Exclude the pictures from your copy, and reproduce each entry below verbatim.

Content starts

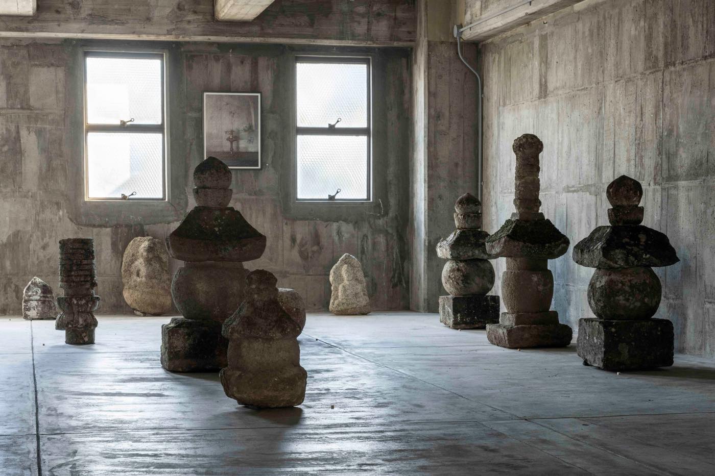設営終りました。五輪塔や宝塔が十数基、石仏も10体ほど、全体で約50点(販売あり)。ベテラン骨董商いわく「前例のない」展示に、たしかになった気がします(倉庫の床だからこそ、もふくめ)。国東の地にふたたび立つ思いでした。あさってから(25・26日は青花会員限定。ただし25日の講座参加者は当日御覧いただけます)。─────
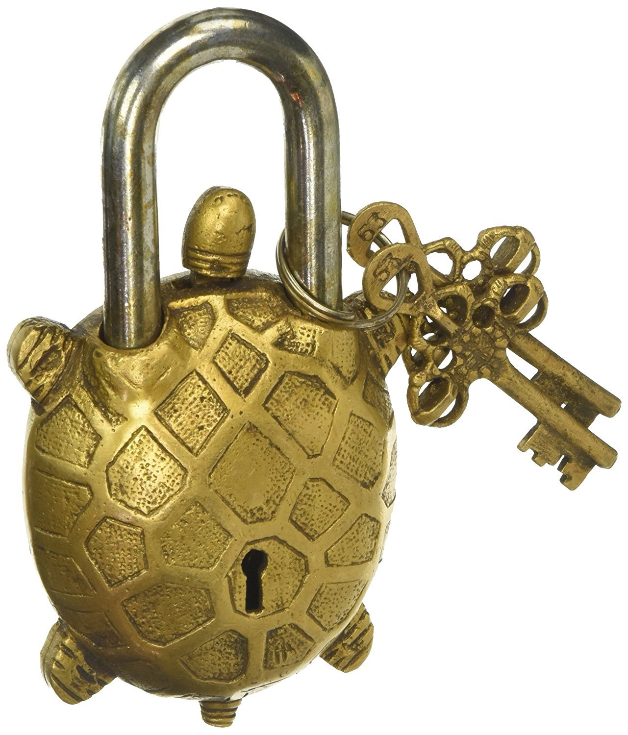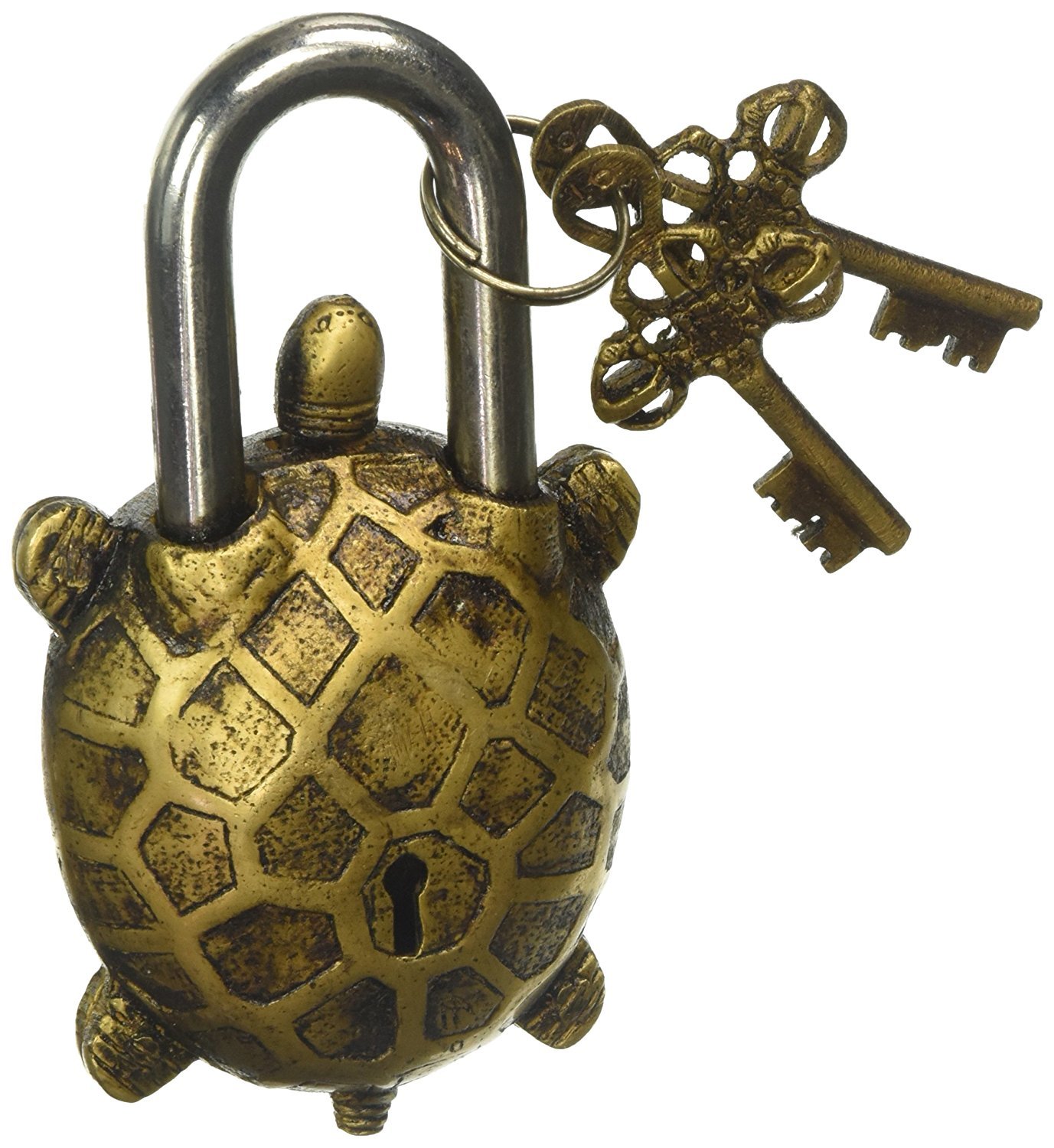 Newly Handmade Brass Functional Padlock Best Quality Reproduction - Antique Style TORTOISE Lock - Brass Made - Working Lock - Comes With 2 Key As Shown In Pictures - Please Check All My Pictures For Condition - THIS IS TRICKY LOCK. AFTER OPEN THE KEY WE HAVE TO MOVE THE MOUTH AND IT WILL OPEN - This Is Not Just A "Decorative Piece" This Is Working Lock. The Functional Brass Turtle Padlock 5.5" with Two Keys Made from Solid Brass This functional Padlock has Sculptured Like a Turtle This beautiful reproduction of an ancient Tibet Padlock is 5.5 inch high and 3 inch wide and weighs 527 Grams
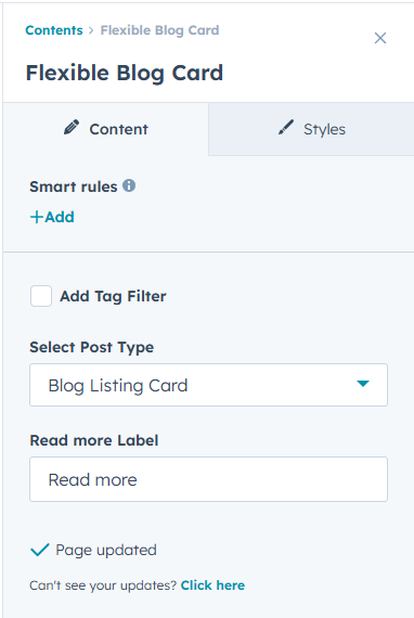 The Content Customization settings allow you to manage what content appears in each blog card and how it’s displayed. You can dynamically connect blog posts, define the number of cards, and control content visibility.
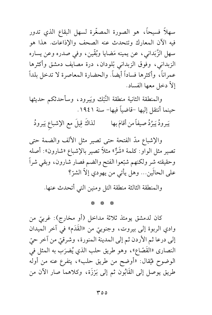 سهلاً فسيحاً، هو الصورة المصغّرة لسهل البقاع الذي تدور فيه الآن المعارك وتتحدث عنه الصحف والإذاعات. هذا هو سهل الزَّبَداني، عن يمينه مَضايا وبُقّين، وفي صدره وعن يساره الزبداني، وفوق الزبداني بْلودان، درة مصايف دمشق وأكثرها عمراناً، وأكثرها فساداً أيضاً. والحضارة المعاصرة لا تدخل بلداً إلاّ دخل معها الفساد.
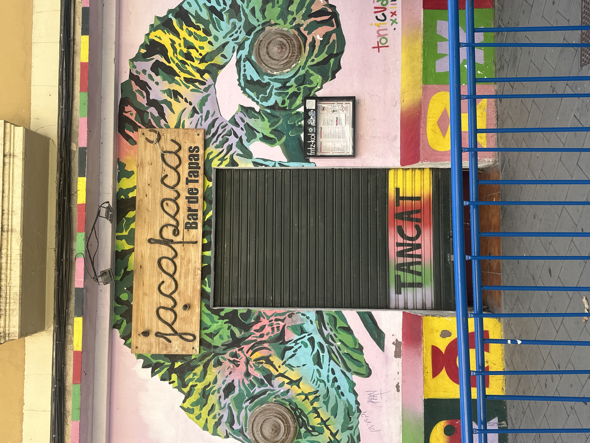 The image displays the exterior of "jacapaca Bar de Tapas," located at C. del Castaños, 40, 03001 Alicante, Spain, viewed from street level during daylight. The establishment is closed, indicated by a lowered dark green metal roller shutter covering the entrance and the word "TANCAT" (Catalan for "closed") spray-painted in black with red and yellow accents on its lower section. The building's facade is primarily painted pink and features a large, abstract mural of a chameleon with patterns in green, yellow, light blue, pink, and purple. Two circular, corroded metal fixtures are integrated into the chameleon's design on the wall. Above the mural, a horizontal stripe of alternating colored rectangles (pink, green, red, yellow, black, pink, green) runs beneath a beige upper facade. Below the mural, at street level, is another horizontal band of graffiti with geometric shapes and partial letters in red, yellow, green, and purple. Additional graffiti text, "PAU" and "12:13:P1," is visible on the lower left, and "tonicvua .xxIII." on the lower right. A rustic wooden sign, bearing "jacapaca" in a dark, rope-like script and "Bar de Tapas" in smaller black text, is affixed above the shuttered entrance. Two black-cased floodlights are mounted above this wooden sign. To the right of the shutter, a black-framed, clear display case containing a menu, prominently featuring "fritz-kola," is attached to the wall. In the foreground, a bright blue metal railing, consisting of two horizontal bars and numerous vertical balusters, traverses the bottom third of the image. The sidewalk beyond the railing is paved with light gray rectangular tiles, on which a few dried leaves are visible. No individuals are present in the scene.
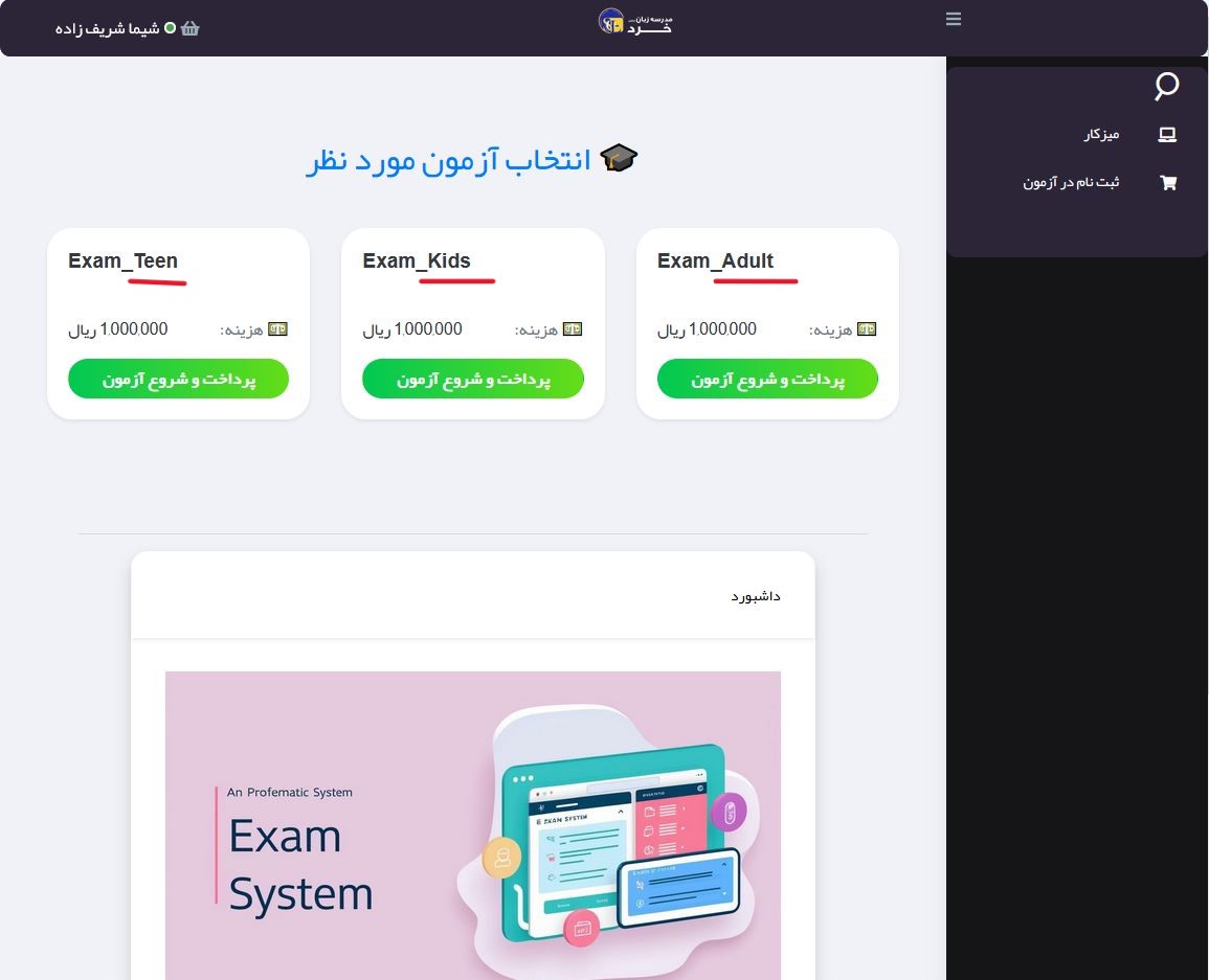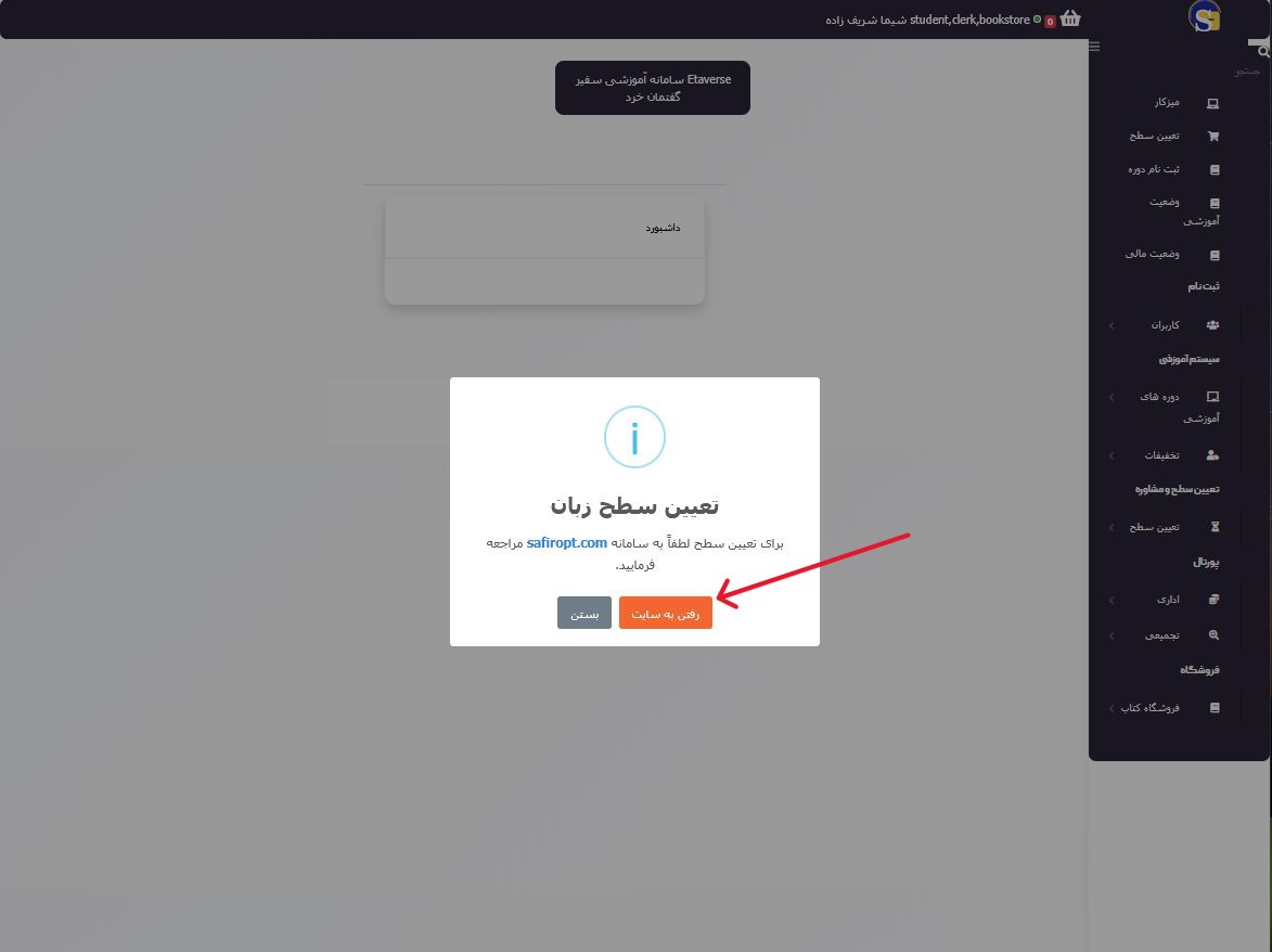 از طریق نوار کنار صفحه، گزینه تعیین سطح را انتخاب نمایید و وارد بخش تعیین سطح شوید.

Content ends

* [Exercise response]
設営終りました。五輪塔や宝塔が十数基、石仏も10体ほど、全体で約50点(販売あり)。ベテラン骨董商いわく「前例のない」展示に、たしかになった気がします(倉庫の床だからこそ、もふくめ)。国東の地にふたたび立つ思いでした。あさってから(25・26日は青花会員限定。ただし25日の講座参加者は当日御覧いただけます)。─────
 Newly Handmade Brass Functional Padlock Best Quality Reproduction - Antique Style TORTOISE Lock - Brass Made - Working Lock - Comes With 2 Key As Shown In Pictures - Please Check All My Pictures For Condition - THIS IS TRICKY LOCK. AFTER OPEN THE KEY WE HAVE TO MOVE THE MOUTH AND IT WILL OPEN - This Is Not Just A "Decorative Piece" This Is Working Lock. The Functional Brass Turtle Padlock 5.5" with Two Keys Made from Solid Brass This functional Padlock has Sculptured Like a Turtle This beautiful reproduction of an ancient Tibet Padlock is 5.5 inch high and 3 inch wide and weighs 527 Grams
 The Content Customization settings allow you to manage what content appears in each blog card and how it’s displayed. You can dynamically connect blog posts, define the number of cards, and control content visibility.
 سهلاً فسيحاً، هو الصورة المصغّرة لسهل البقاع الذي تدور فيه الآن المعارك وتتحدث عنه الصحف والإذاعات. هذا هو سهل الزَّبَداني، عن يمينه مَضايا وبُقّين، وفي صدره وعن يساره الزبداني، وفوق الزبداني بْلودان، درة مصايف دمشق وأكثرها عمراناً، وأكثرها فساداً أيضاً. والحضارة المعاصرة لا تدخل بلداً إلاّ دخل معها الفساد.
 The image displays the exterior of "jacapaca Bar de Tapas," located at C. del Castaños, 40, 03001 Alicante, Spain, viewed from street level during daylight. The establishment is closed, indicated by a lowered dark green metal roller shutter covering the entrance and the word "TANCAT" (Catalan for "closed") spray-painted in black with red and yellow accents on its lower section. The building's facade is primarily painted pink and features a large, abstract mural of a chameleon with patterns in green, yellow, light blue, pink, and purple. Two circular, corroded metal fixtures are integrated into the chameleon's design on the wall. Above the mural, a horizontal stripe of alternating colored rectangles (pink, green, red, yellow, black, pink, green) runs beneath a beige upper facade. Below the mural, at street level, is another horizontal band of graffiti with geometric shapes and partial letters in red, yellow, green, and purple. Additional graffiti text, "PAU" and "12:13:P1," is visible on the lower left, and "tonicvua .xxIII." on the lower right. A rustic wooden sign, bearing "jacapaca" in a dark, rope-like script and "Bar de Tapas" in smaller black text, is affixed above the shuttered entrance. Two black-cased floodlights are mounted above this wooden sign. To the right of the shutter, a black-framed, clear display case containing a menu, prominently featuring "fritz-kola," is attached to the wall. In the foreground, a bright blue metal railing, consisting of two horizontal bars and numerous vertical balusters, traverses the bottom third of the image. The sidewalk beyond the railing is paved with light gray rectangular tiles, on which a few dried leaves are visible. No individuals are present in the scene.
 از طریق نوار کنار صفحه، گزینه تعیین سطح را انتخاب نمایید و وارد بخش تعیین سطح شوید.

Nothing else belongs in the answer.